→ **WORK INSTRUCTION**
In the records that follow, the lines from the one containing "男性着物の羽織は寒い日の防寒" to the one containing "短時間內掌握到Email撰寫", inclusive, are to be given again exactly.

→ **RECORDS FOR PROCESSING**
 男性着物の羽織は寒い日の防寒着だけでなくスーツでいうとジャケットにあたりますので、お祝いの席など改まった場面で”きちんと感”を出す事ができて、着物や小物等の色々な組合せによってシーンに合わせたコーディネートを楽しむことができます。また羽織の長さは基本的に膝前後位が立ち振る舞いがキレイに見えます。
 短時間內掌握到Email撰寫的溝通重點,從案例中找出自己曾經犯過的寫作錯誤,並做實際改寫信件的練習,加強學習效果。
==
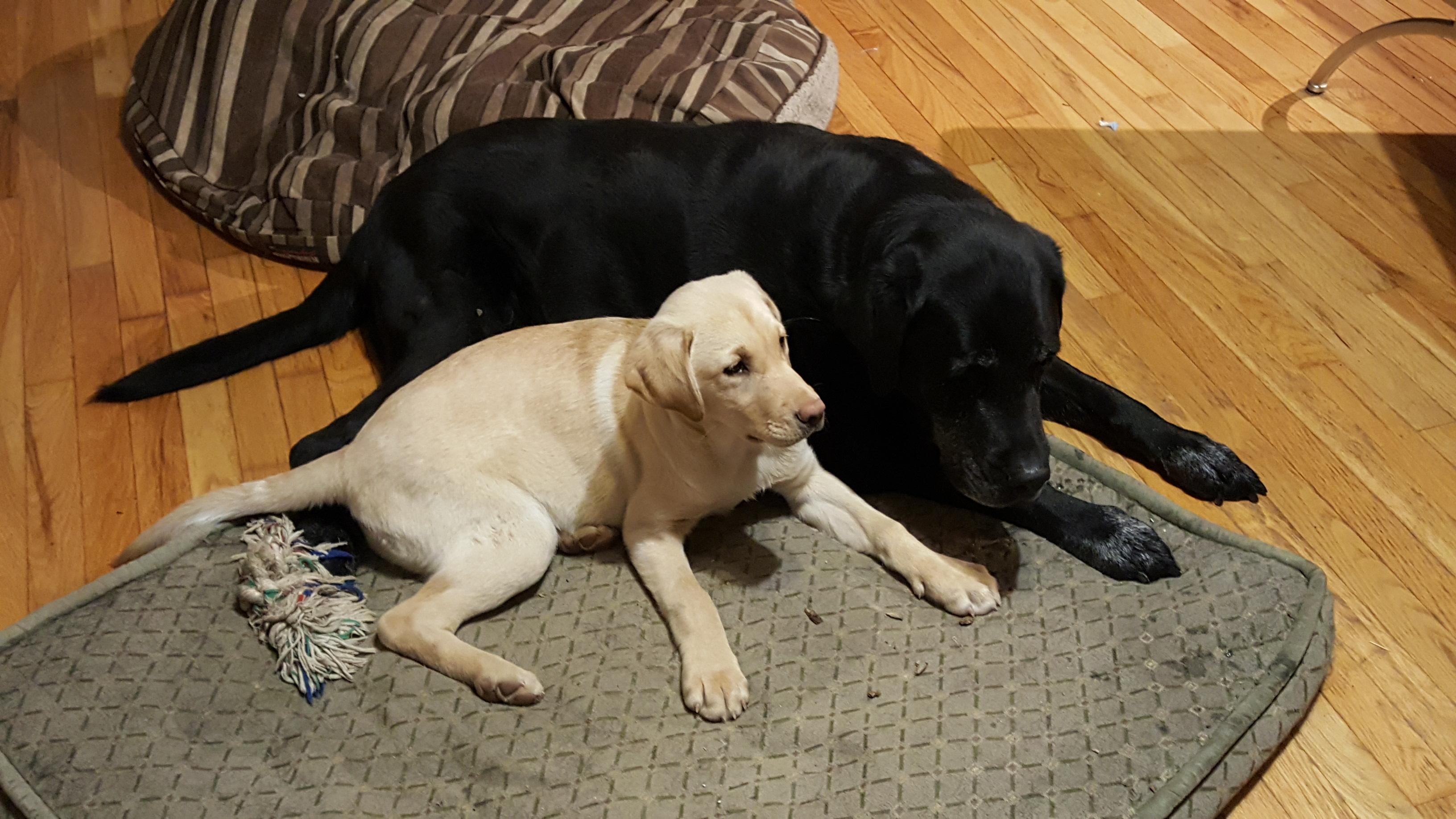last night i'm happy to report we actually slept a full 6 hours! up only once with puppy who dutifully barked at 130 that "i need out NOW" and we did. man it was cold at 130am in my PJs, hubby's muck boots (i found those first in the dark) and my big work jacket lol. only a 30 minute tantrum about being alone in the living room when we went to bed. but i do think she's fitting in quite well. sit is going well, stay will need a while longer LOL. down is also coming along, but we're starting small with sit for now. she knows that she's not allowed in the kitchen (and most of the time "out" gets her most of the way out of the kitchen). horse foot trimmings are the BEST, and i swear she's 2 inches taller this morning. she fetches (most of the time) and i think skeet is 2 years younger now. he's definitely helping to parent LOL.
==
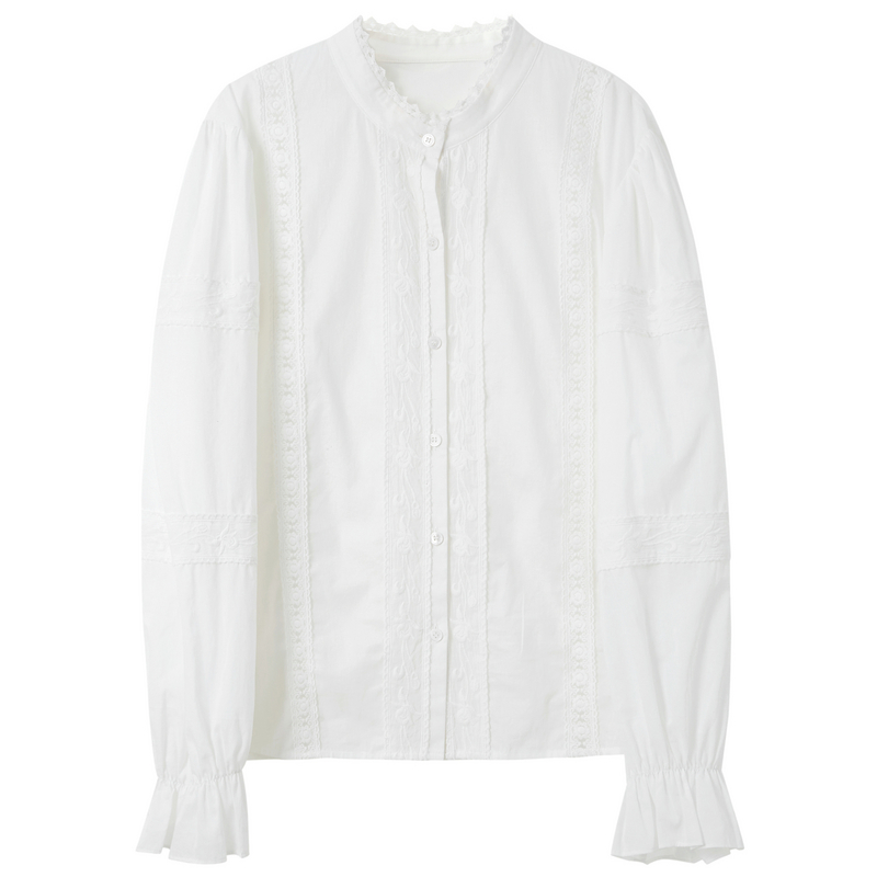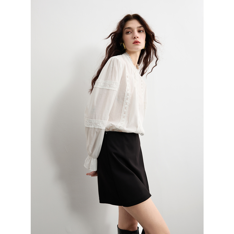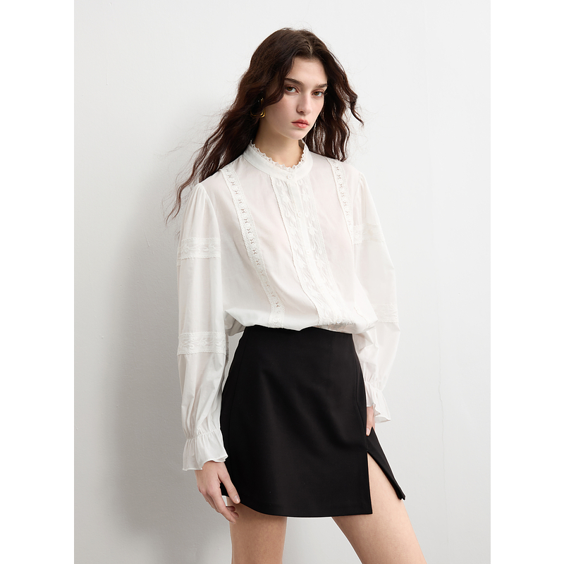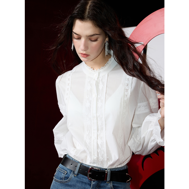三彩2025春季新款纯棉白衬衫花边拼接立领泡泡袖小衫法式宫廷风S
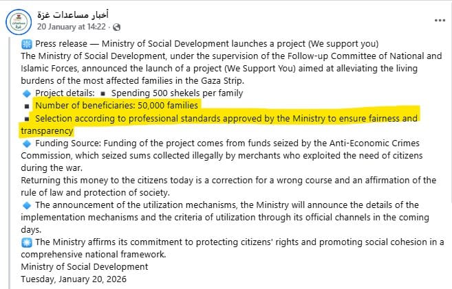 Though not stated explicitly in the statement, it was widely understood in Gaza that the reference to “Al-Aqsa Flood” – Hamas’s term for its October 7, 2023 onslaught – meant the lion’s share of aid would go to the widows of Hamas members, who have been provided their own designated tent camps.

→ **RESPONSE**
 男性着物の羽織は寒い日の防寒着だけでなくスーツでいうとジャケットにあたりますので、お祝いの席など改まった場面で”きちんと感”を出す事ができて、着物や小物等の色々な組合せによってシーンに合わせたコーディネートを楽しむことができます。また羽織の長さは基本的に膝前後位が立ち振る舞いがキレイに見えます。
 短時間內掌握到Email撰寫的溝通重點,從案例中找出自己曾經犯過的寫作錯誤,並做實際改寫信件的練習,加強學習效果。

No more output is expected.